# EXERCISE BRIEF:
Exactly and only the lines from the line holding "Met De Fascinerende" to the end of the records should be reproduced. Leave pictures out.

# EXTRACTED ENTRIES:
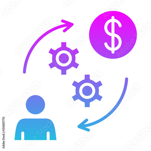 conversion, user, gear, success, dollar, work, outcome, vector, icon, illustration
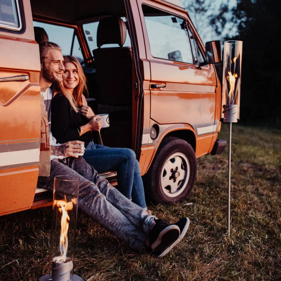 Met De Fascinerende Vlamwerveling Creeert De Spin Een Kampvuur Sfeer Op Balkon En Terras En Wordt Zo De Blikvanger Van De Avond. De Fakkel Bestaat Uit Een Roestvrijstalen Behuizing En Grondpen En Een Cilinder Van Borosilicaatglas. De Roterende Vlammenspeling Is Gebaseerd Op Bio-Ethanol, Dat In Een Blikje Wordt Verbrand. Het Los Verkrijgbare Blikje Wordt Eenvoudig In De Antislip Houder Gestoken En Verlicht. De Cilinder Wordt Dan Bovenop Geplaatst En Het Vuur Wervelt Anderhalf Uur Lang. Als Toortsvariant Kan Spin Eenvoudig In De Grond Worden Bevestigd. Door De Meegeleverde 4-Delige Grondpen Kunnen Verschillende Hoogtes Worden Ingesteld En Gerealiseerd. De Afzonderlijke Delen Van De Spike Verschillen In Lengte (7 Cm + 34 Cm + 48 Cm) En Hebben Een Extra Aardingspijker, Wat Een Stabiele Ondersteuning Garandeert.
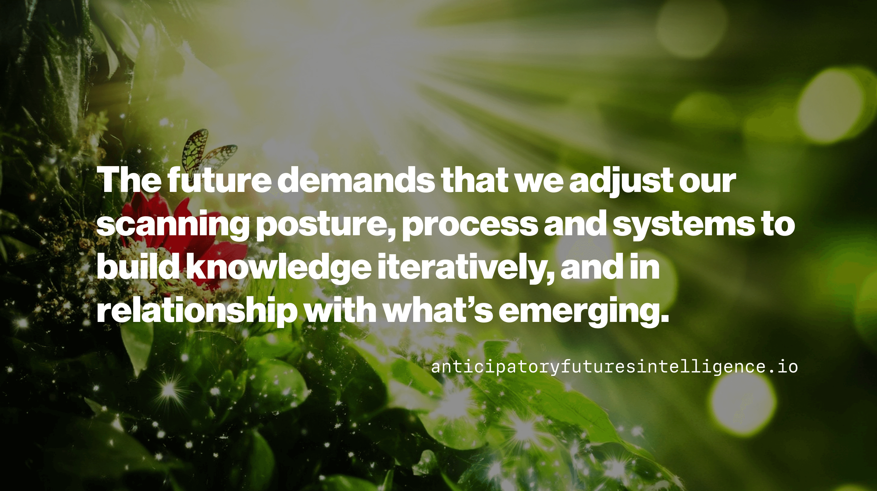 The future demands that we adjust our scanning posture, process and systems to build knowledge iteratively, and in relationship with what’s emerging.
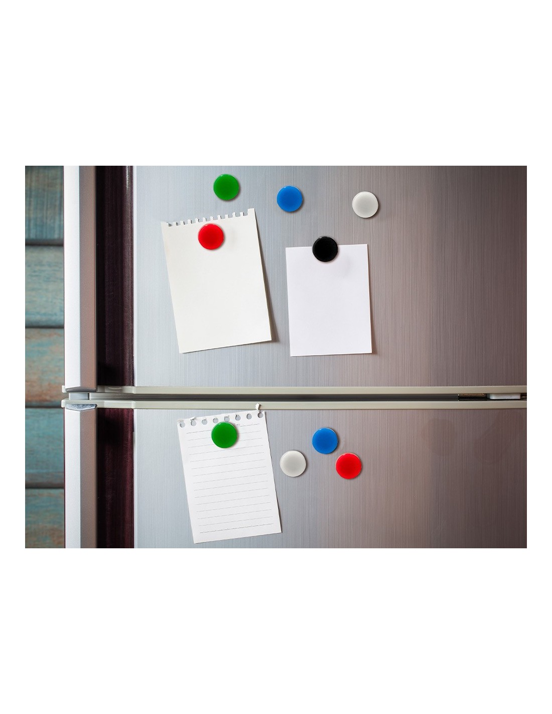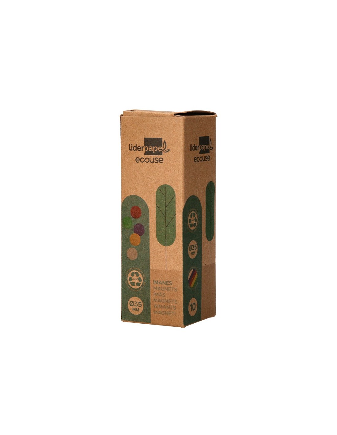 Ideales para pizarras magnéticas. Producto respetuoso con el medioambiente. Fabricado en polipropileno 100% reciclado. La caja de 10 unidades. Diámetro de 35mm.
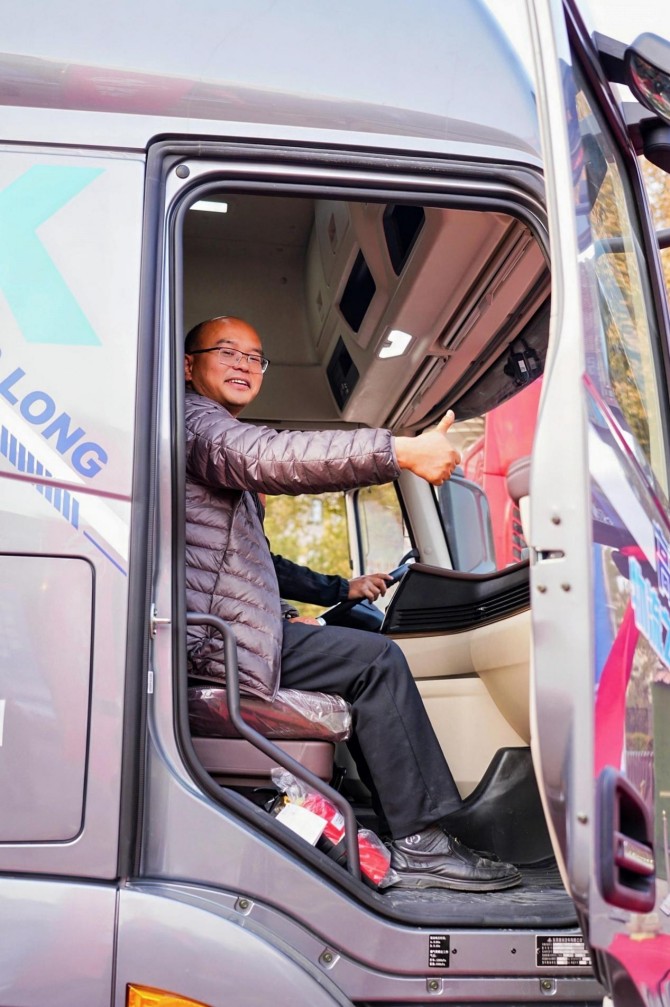 另一位跑资源运输的卡友对乘龙H7 Pro燃气牵引车更为青睐,夸这款车动力强还气耗低,而且驾驶室空间大,开起来毫无压抑感。卧铺又宽又舒适,累了能睡个安稳觉,第二天开车更有精神,他正准备订购一台!

# OUTPUT FOR THIS EXERCISE:
 Met De Fascinerende Vlamwerveling Creeert De Spin Een Kampvuur Sfeer Op Balkon En Terras En Wordt Zo De Blikvanger Van De Avond. De Fakkel Bestaat Uit Een Roestvrijstalen Behuizing En Grondpen En Een Cilinder Van Borosilicaatglas. De Roterende Vlammenspeling Is Gebaseerd Op Bio-Ethanol, Dat In Een Blikje Wordt Verbrand. Het Los Verkrijgbare Blikje Wordt Eenvoudig In De Antislip Houder Gestoken En Verlicht. De Cilinder Wordt Dan Bovenop Geplaatst En Het Vuur Wervelt Anderhalf Uur Lang. Als Toortsvariant Kan Spin Eenvoudig In De Grond Worden Bevestigd. Door De Meegeleverde 4-Delige Grondpen Kunnen Verschillende Hoogtes Worden Ingesteld En Gerealiseerd. De Afzonderlijke Delen Van De Spike Verschillen In Lengte (7 Cm + 34 Cm + 48 Cm) En Hebben Een Extra Aardingspijker, Wat Een Stabiele Ondersteuning Garandeert.
 The future demands that we adjust our scanning posture, process and systems to build knowledge iteratively, and in relationship with what’s emerging.
 Ideales para pizarras magnéticas. Producto respetuoso con el medioambiente. Fabricado en polipropileno 100% reciclado. La caja de 10 unidades. Diámetro de 35mm.
 另一位跑资源运输的卡友对乘龙H7 Pro燃气牵引车更为青睐,夸这款车动力强还气耗低,而且驾驶室空间大,开起来毫无压抑感。卧铺又宽又舒适,累了能睡个安稳觉,第二天开车更有精神,他正准备订购一台!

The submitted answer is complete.